From: Nick Doty <npdoty@ischool.berkeley.edu>
Date: Wed, 6 Jul 2016 19:12:15 -0700
Cc: "public-privacy (W3C mailing list)" <public-privacy@w3.org>
Message-Id: <68864CF8-1BF9-4812-ACA7-176CDE2DACDA@ischool.berkeley.edu>
To: norcie@cdt.org
> On Jul 5, 2016, at 3:20 PM, Greg Norcie <gnorcie@cdt.org> wrote:
> So do you think it's fair to say we've made some forward progress on reducing fingerpintability?

I don't think we have enough data to know whether fingerprintability on the whole has increased or decreased for all users and use cases over time. I do think we have evidence that some features that were being used for fingerprinting have become less effective for many users (Flash/fonts, plugins, window sizes on mobile devices), which I would consider forward progress.
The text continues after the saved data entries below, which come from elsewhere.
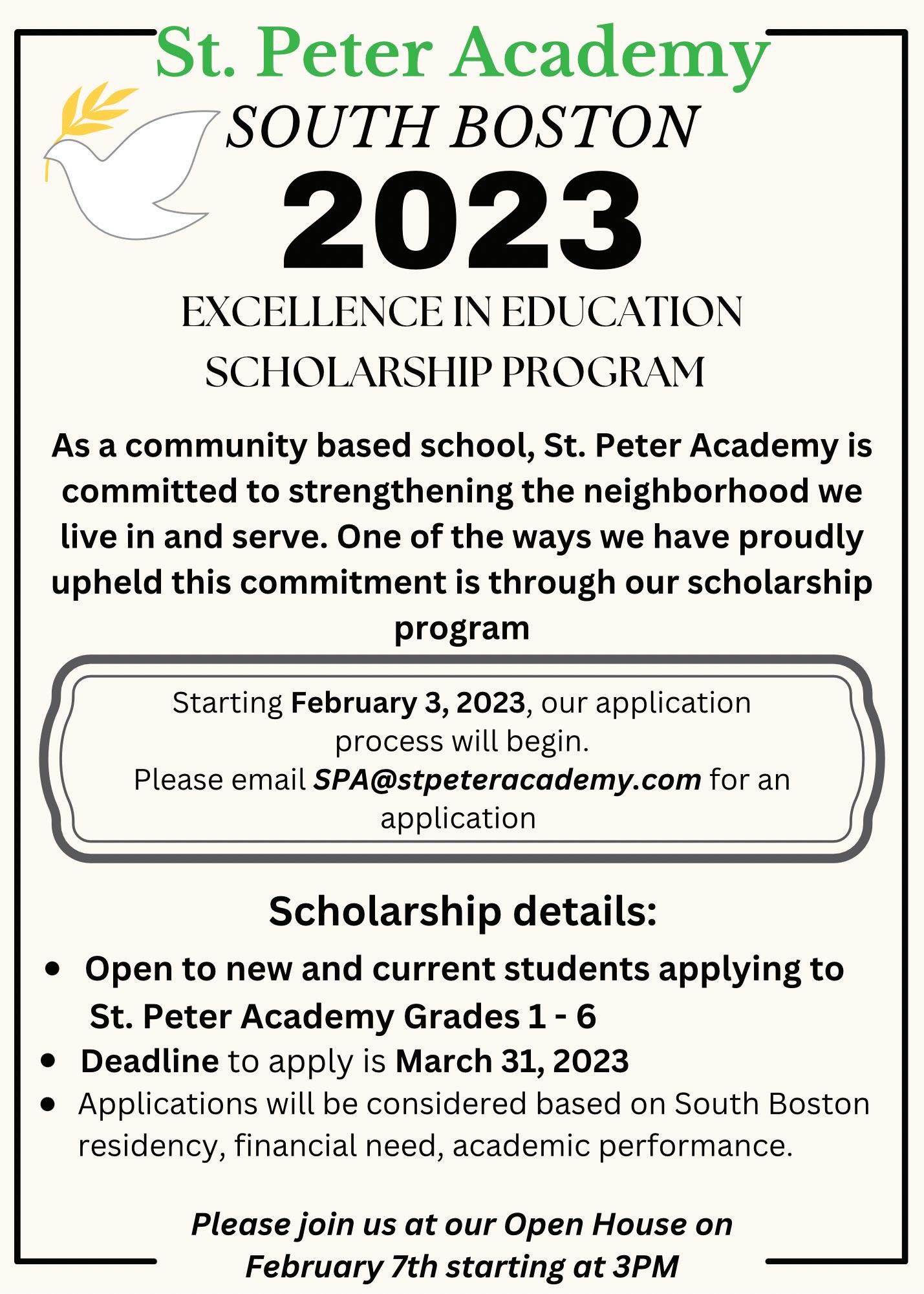 ucators who exemplify the qualities inherent in service to others. Applications will be considered based on South Boston residency, financial need, academic performance. Deadline to apply is March 31, 2023. Please email spa@stpeteracademy. com for an application.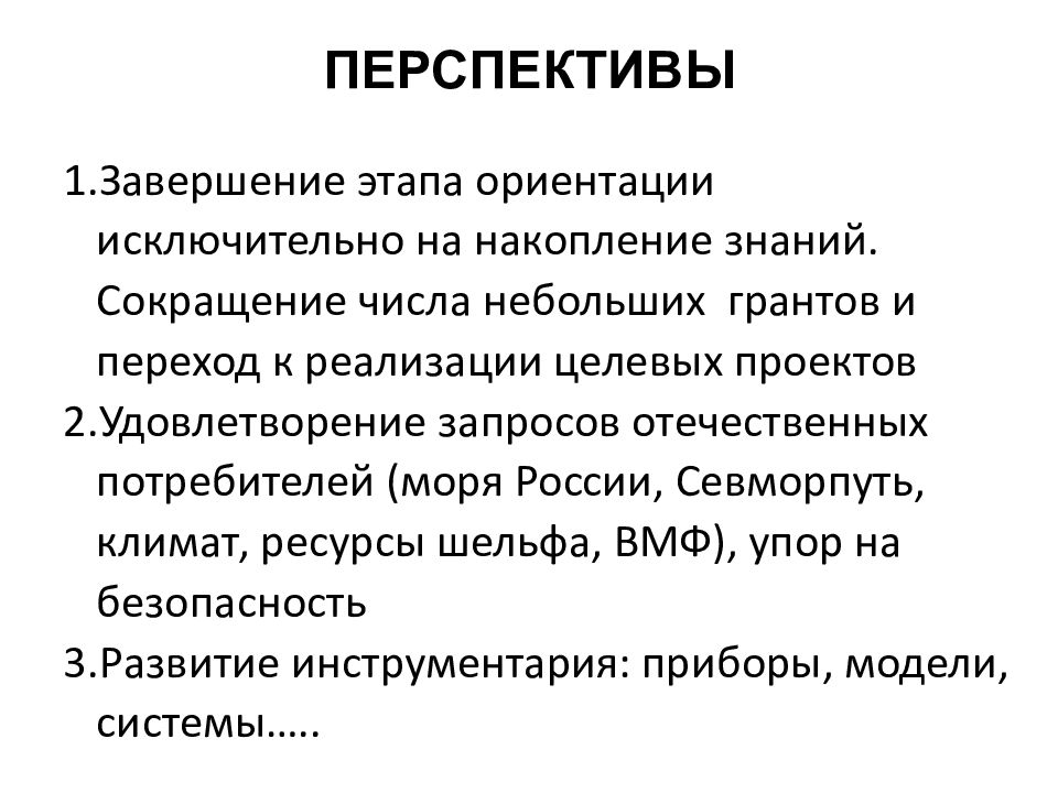 Завершение этапа ориентации исключительно на накопление знаний. Сокращение числа небольших грантов и переход к реализации целевых проектов Удовлетворение запросов отечественных потребителей (моря России, Севморпуть, климат, ресурсы шельфа, ВМФ), упор на безопасность Развитие инструментария: приборы, модели, системы….. ПЕРСПЕКТИВЫ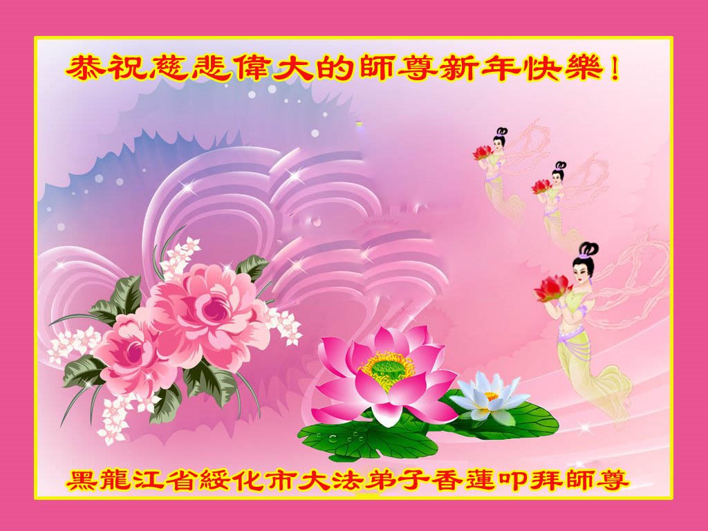 黑龍江省綏化市大法弟子恭祝慈悲偉大的師尊新年快樂!感恩師尊的慈悲苦度!弟子一定不辜負師尊的期望,向內找修好自己做好三件事多救人。讓師尊多一份欣慰,少一份操勞。惟願師尊笑!弟子叩拜師尊!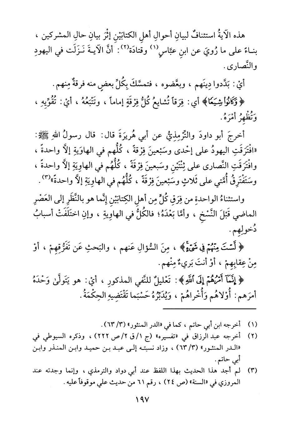 أخرج أبو داود والترمذي عن أبي هريرة قال: قال رسول الله صلى الله عليه وسلم: "افترقت اليهود على إحدى وسبعين فرقة, كلهم في الهاوية إلا واحدة, وافترقت النصارى على ثنتين وسبعين فرقة, كلهم في الهاوية إلا واحدة, وستفترق أمتي على ثلاث وسبعين فرقة كلهم في الهاوية إلا واحدة"3.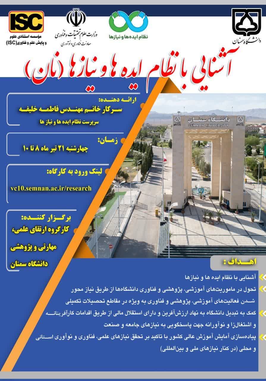 ارائه دهنده: مهندس فاطمه خليفه (سرپرست نظام ايدهها و نيازها (نان) مؤسسه استنادي و پايش علم و فناوري جهان اسلام ISC)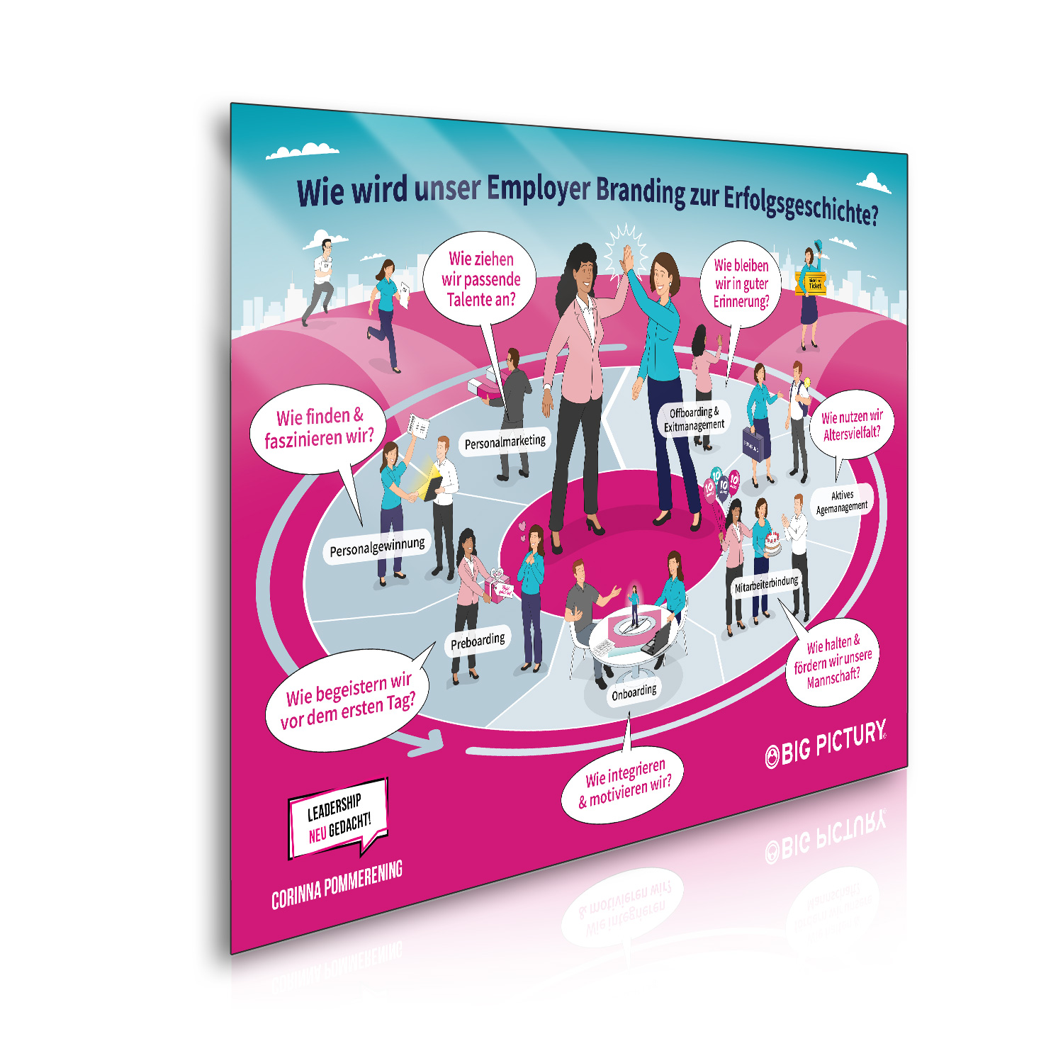 Communicate your complex topic quite simply with a big picture. You can use the picture in personal formats and conversations or as a self-explanatory digital medium.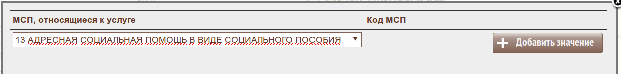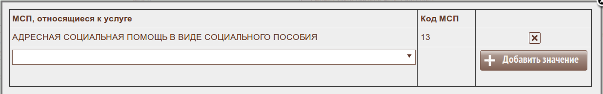 Справочник отношения МСП к услуге необходим для указания соответствия услуг, принимаемых в МФЦ мерам соцподдержки Минтруда РО.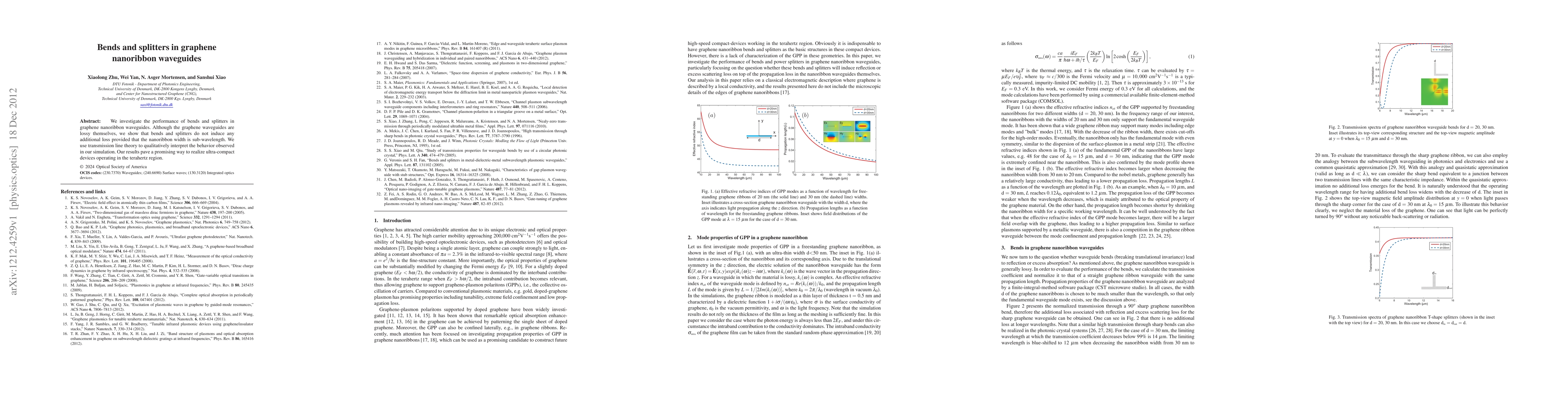 This paper investigates the performance of bends and splitters in graphene nanoribbon waveguides, demonstrating that they do not induce additional loss if the nanoribbon width is sub-wavelength. The findings, interpreted using transmission line theory, suggest potential for ultra-compact terahertz devices.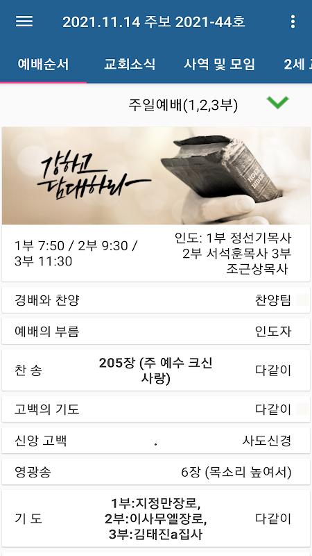 Ini adalah aplikasi mingguan cerdas yang memungkinkan anggota Gereja Sample J untuk melihat buletin mingguan di ponsel cerdas mereka alih-alih buletin kertas.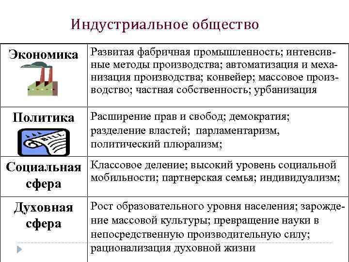 Индустриальное общество Экономика Развитая фабричная промышленность; интенсив- ные методы производства; автоматизация и механизация производства; конвейер; массовое производство; частная собственность; урбанизация Политика Расширение прав и свобод; демократия; разделение властей; парламентаризм, политический плюрализм; Социальная Классовое деление; высокий уровень социальной мобильности; партнерская семья; индивидуализм; сфера Духовная сфера Рост образовательного уровня населения; зарождение массовой культуры; превращение науки в непосредственную производительную силу; рационализация духовной жизни
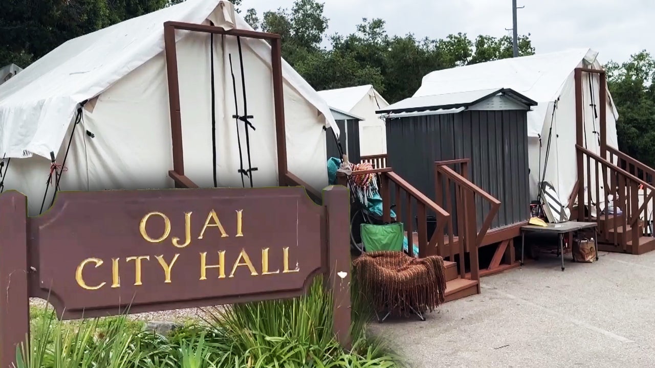 In Ojai, California, canvas tents built on wooden platforms are a step up from the previous site where unhoused people set up their tents.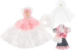 Transformez votre poupée en une icône de mode avec notre ensemble de vêtements. Comprend deux types de magnifiques robes avec des détails en dentelle élégants, accompagnées d'astucieux accessoires pour différentes occasions. Un excellent choix pour toutes les petites créatrices de mode !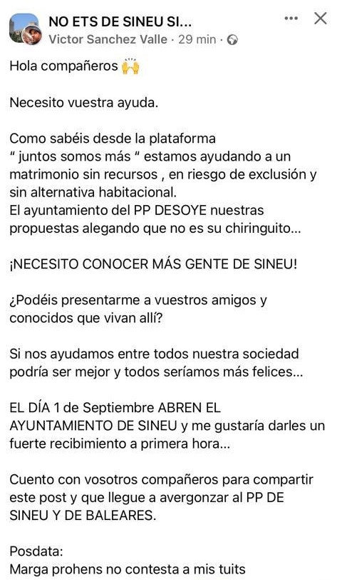 Un post d’un tal Víctor Sánchez Valle a un grup de Facebook sobre coses sineueres va cridar l’atenció fa uns dies, i va córrer per xarxes socials i grups de WhatsApp. Des d’una plataforma, Juntos somos más, cerca conèixer gent de Sineu i diu que volen donar un ‘fuerte recibimiento’ als de l’Ajuntament de Sineu, i carrega contra Marga Prohens –la líder del PP autonòmic– perquè no contesta els seus tweets. Sánchez assegura que una família resident a Sineu serà desnonada i que el batle de Sineu els va dir que «en això ell no podia fer-hi res». De fet, Sánchez va cercar treure el cas a la llum, i així surt en una noticia a l’Ultima Hora de la secció Click (fes clic aquí).

However, new features have increased fingerprintability (canvas, in particular, but also apparently User-Agent in some mobile devices).

> I often see fingerprinting presented as a threat that will always be at it's current effectiveness (or become more effective as browser features are added), so anything that challenges that assumption is very interesting.

I think there's definitely evidence here that not all features used for fingerprinting will remain at their current effectiveness, which might be part of that broader assumption. (Indeed, we should have noticed that years ago with the rise of popular mobile devices with a common screen size, auto-updating operating system and limited plugin support.)